The Roman generals Septimus Flaccus in 19 BCE and Suetonius Paulinus in 50 CE led small-scale military expeditions into the northern reaches of the Sahara, and the Roman explorer Julius Maternus traveled there in early 1st century CE. Paulinus reached Fezzan and went further south. With the end of the Roman Empire and the following commercial crisis, Fezzan began to lose importance. The population was greatly reduced due to the desertification process of the Sahara during the early Middle Ages.

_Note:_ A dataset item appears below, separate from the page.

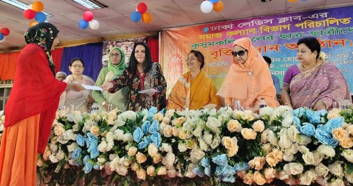 Samad Fauzia Foundation recently awarded Scholarship to 50 Poor and Meritorious Students of Kusumkali School, founded in 1985 by legendary women leader Begum Fauzia Samad, former president of Dhaka Ladies Club. State Minister of Women and Child Affairs Simeen Hossain Rimi MP was present as the chief guest in the program Presided over by Anisa Haque, President of Dhaka Ladies Club at Fawzia Samad Central Hall. Sabrina Samad, Founder and Chairperson of Samad Fawzia Foundation gave scholarships among the students.
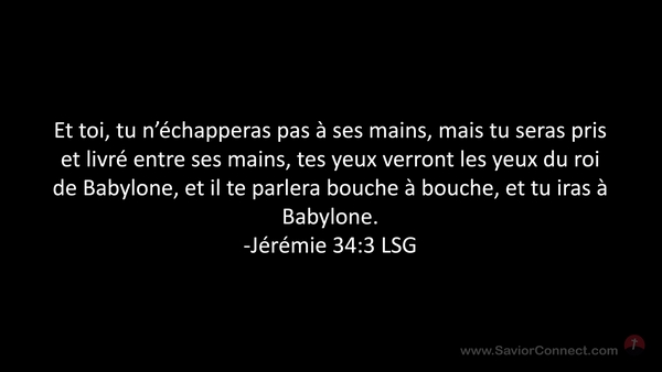 Et toi, tu n'échapperas pas à ses mains, mais tu seras pris et livré entre ses mains, tes yeux verront les yeux du roi de Babylone, et il te parlera bouche à bouche, et tu iras à Babylone. -Jérémie 34:3 LSG

During the 13th and 14th centuries, the Fezzan became a part of the Kanem Empire, which extended as far as Zella, Libya. Wars against the Kanem–Bornu Empire in the early sixteenth century led to the founding of the Awlad Muhammad dynasty, with Murzuk becoming the capital of Fezzan. Around 1565 it was ruled by Muhammad ibn al-Muntasir. In 1574 the Ottoman Tripolitania under Mahmut bey invaded and occupied Fezzan and the Oasis and possibly even reached Lake Chad. From the beginning of the second Ottoman period, the place was run by the Kerdusian of Zawiya, who raided Kaouar and clashed often with the Senusite over rule of Fezzan. Fezzan had been vassailized since 1574, but only in the 1580s did the rulers of Fezzan give their allegiance to the sultan, but the Turks refrained from trying to exercise any influence there. It was occupied fully from times to time like in 1679-1682, 1690, 1716, 1718 and 1811/1812. The Ottoman rulers of North Africa asserted their control over the region in the 17th century. In the reign of Abdulhamid II (1876–1909) Fezzan was used as a place of political exile for Young Turks because it was the most remote province from Istanbul.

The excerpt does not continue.